What I cannot figure out is why it is impossible to be cool while purchasing a toilet plunger.

If you see a guy buying feminine products, you say to yourself... "gee what a guy, sacrificing his dignity for the one he loves... "

If you see someone buying toilet paper.. it's not a big deal, right? I mean we ALL require that product... so why then does buying a toilet plunger become such an uneasy experience?? Here's why...

After parking in another county in order to walk about a half mile to the front door of what I refer to as the "Ghetto Wal-Mart" I begin my search in the place I feel to be most logical... cleaning supplies. Seems reasonable, here we have things with handles... mops, brooms, etc... and we have cleaning supplies, toilet cleaner, draino these sort of things right? So it seems like a great place for me to start.

Wrong.

After much searching I decide to approach a rather grandmotherly looking Wal-Mart employee, thinking that if anyone can discuss toilet plungers without giggling... this is it. So I say, in my most confident, but non-attention drawing tone "Excuse me ma'am, but I am looking for the toilet plungers"

"SAY WHAT?!?!?!"

Great... Gramma here didn't put in her new hearing aid battery today... so I say little louder... "Toilet Plungers"... gigling from behind me begins....
"TOILET PLUNGERS"....

"OH TOILET PLUNGERS!!!" She says "THOSE ARE IN HARDWARE RIGHT NEXT TO THE PLUMBING SUPPLIES"

Smirking continues in the background...

Hardware is, as fate would have it, on the entire opposite side of the store from where I parked.. not to mention that it is in the back corner. So I proceed. I quickly pick out the most sturdy looking one and start the seemingly mile long trek to the front of the store.

Lets keep in mind that I have no buggy full of goods... you know, milk, bread, magazines, toilet plunger... nope.. I have one item... that's right just one...

I carried it with pride, as if someone had given me an award for excellence in... something, anything...
This was NOT easy.

I finally endure the journey to the front, where i see a line that is short and seems to be the quickest way out.

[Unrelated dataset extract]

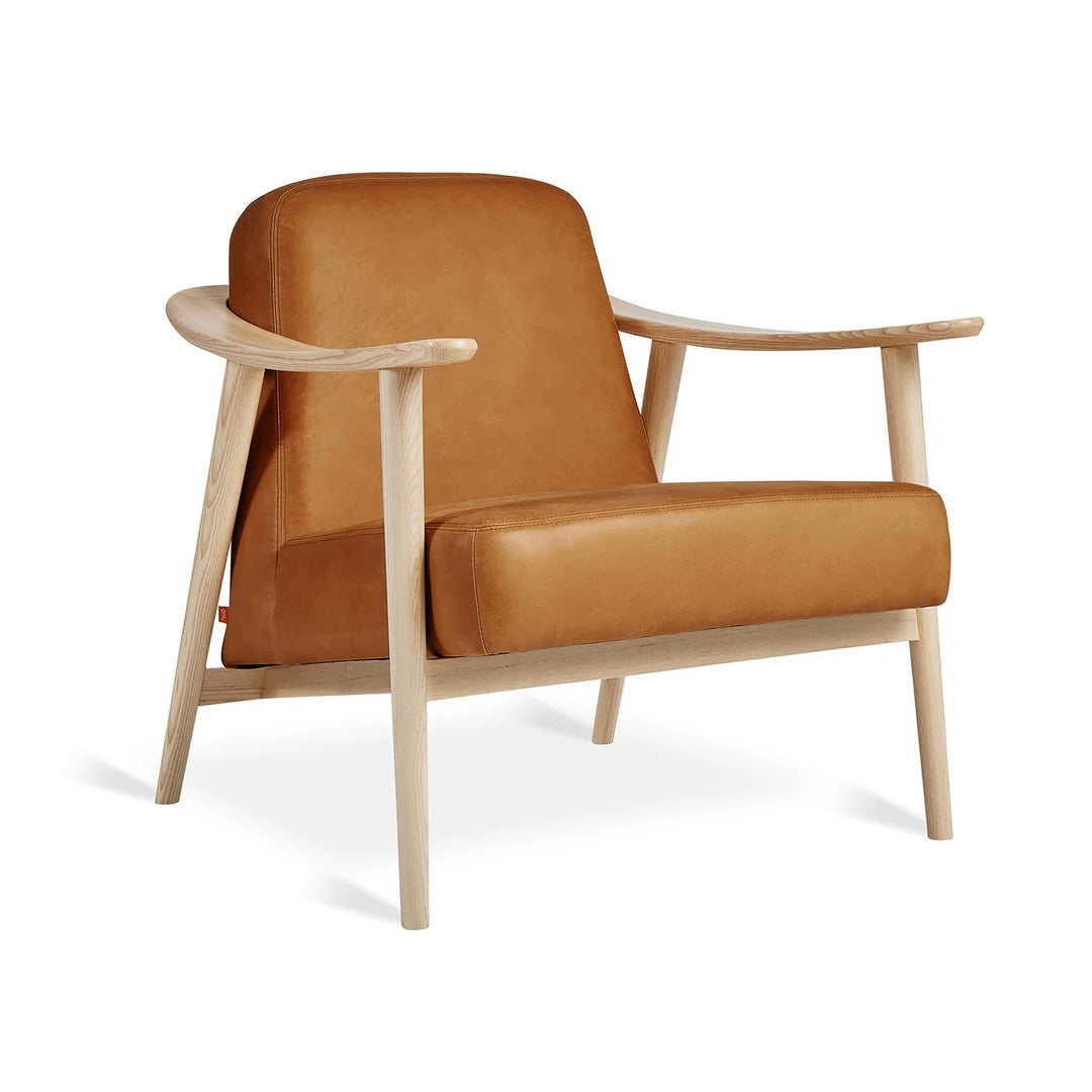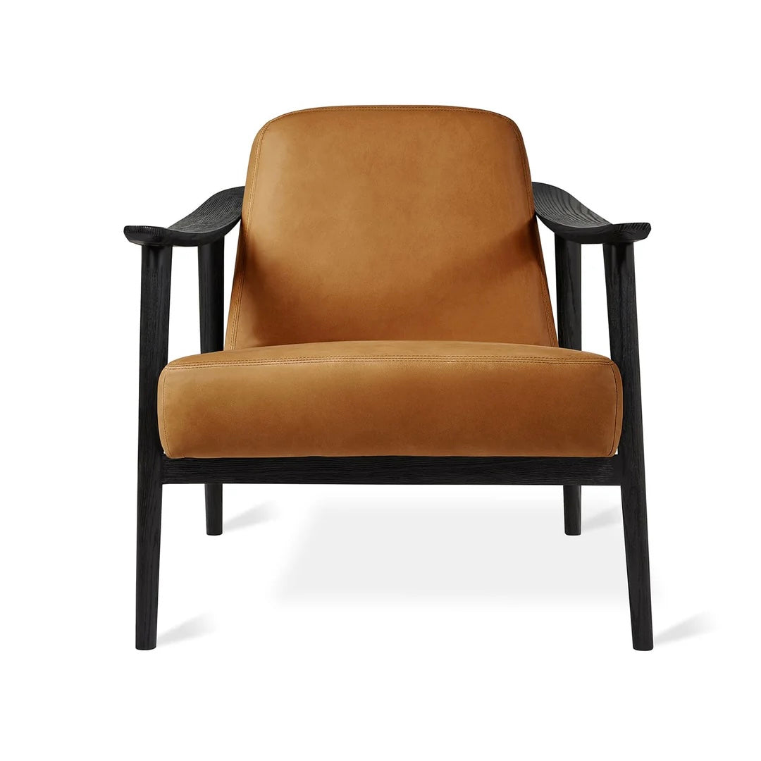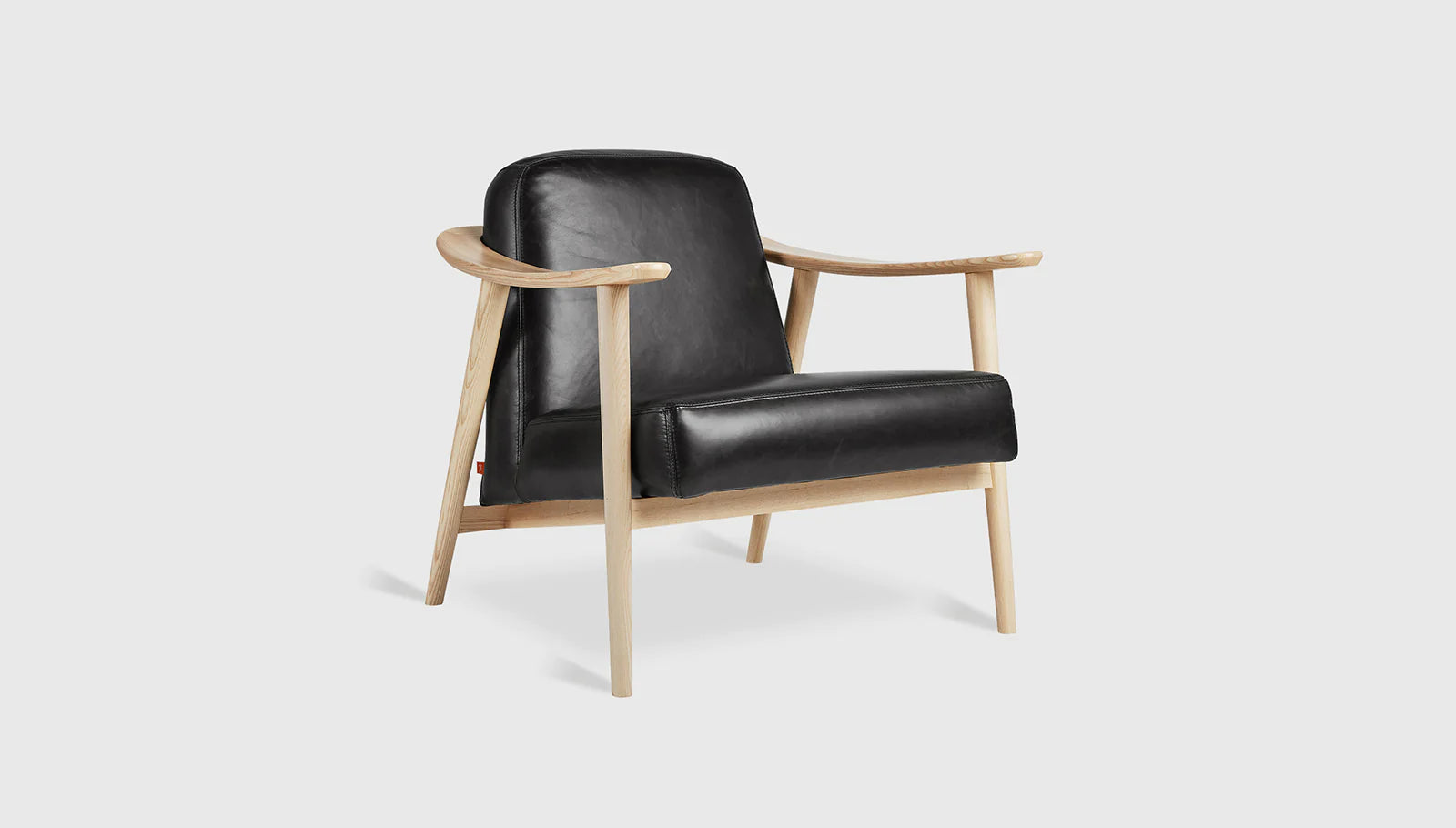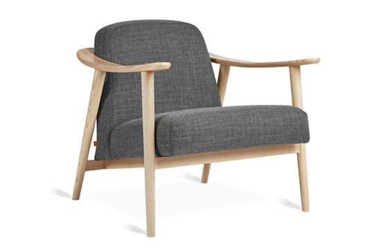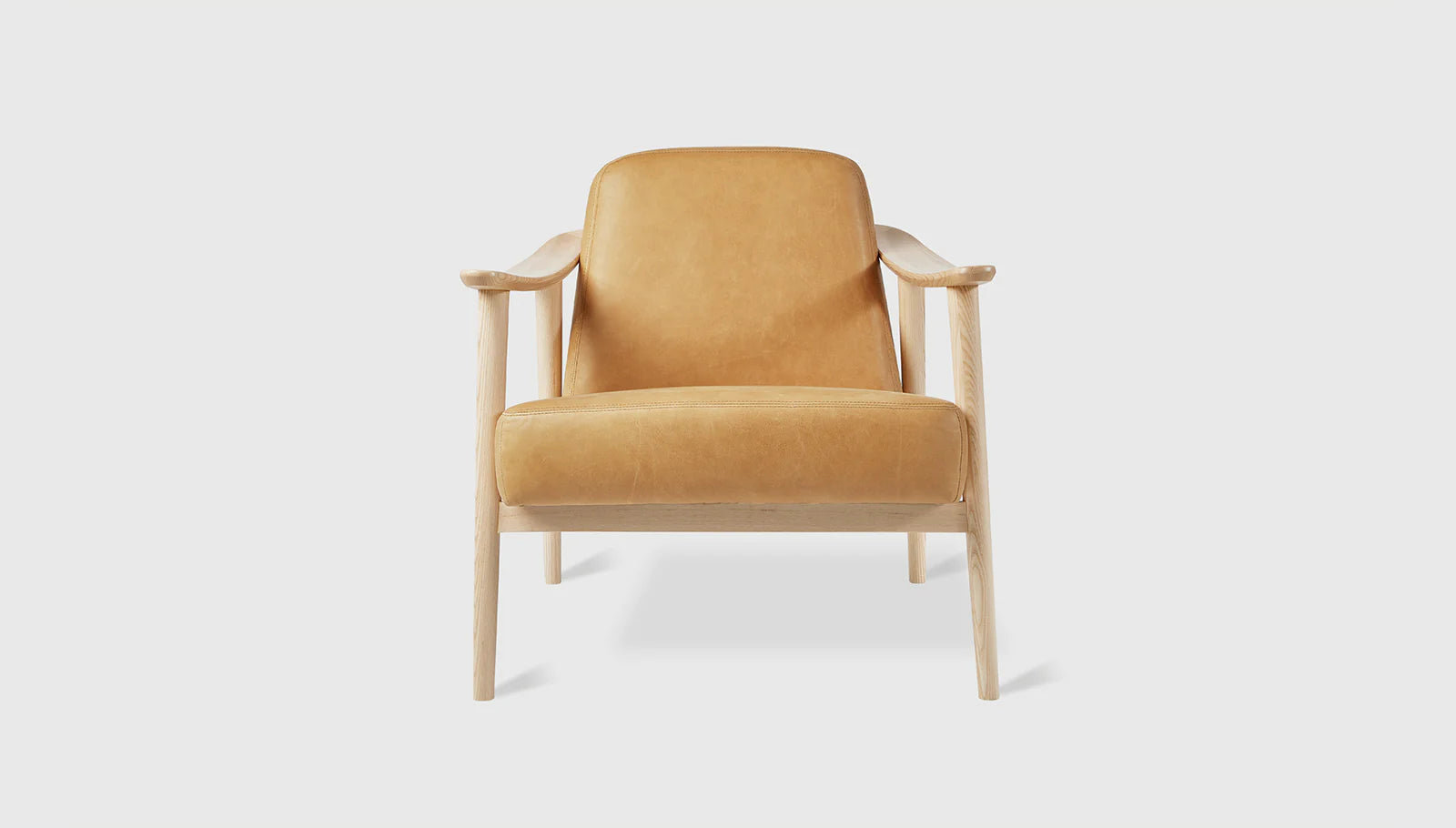 - Solid wood frame featuring custom bent armrests and mortise and tenon joints is crafted from walnut or ash.

The folks in line ahead move along and the lady just starts to walk away. I'm holding a toilet plunger... I don't want to draw too much attention, but I do want to get out some time today. So I say nicely "excuse me? Ma'am?"

"I'm Closed"

"Oh, but I only ha..."

"I said, i'm Closed"

Great.

I get my items scanned and out the door... But lets remember where I parked. Yes friends, the journey the half mile back to my car was quite possibly the worst of all... people are free to laugh loudly in the security of their cars. I don't know if anyone did, but I can imagine. Maybe i'm paranoid, but I still conclude that....

"There is no way to be cool while buying a toilet plunger. "

Yep.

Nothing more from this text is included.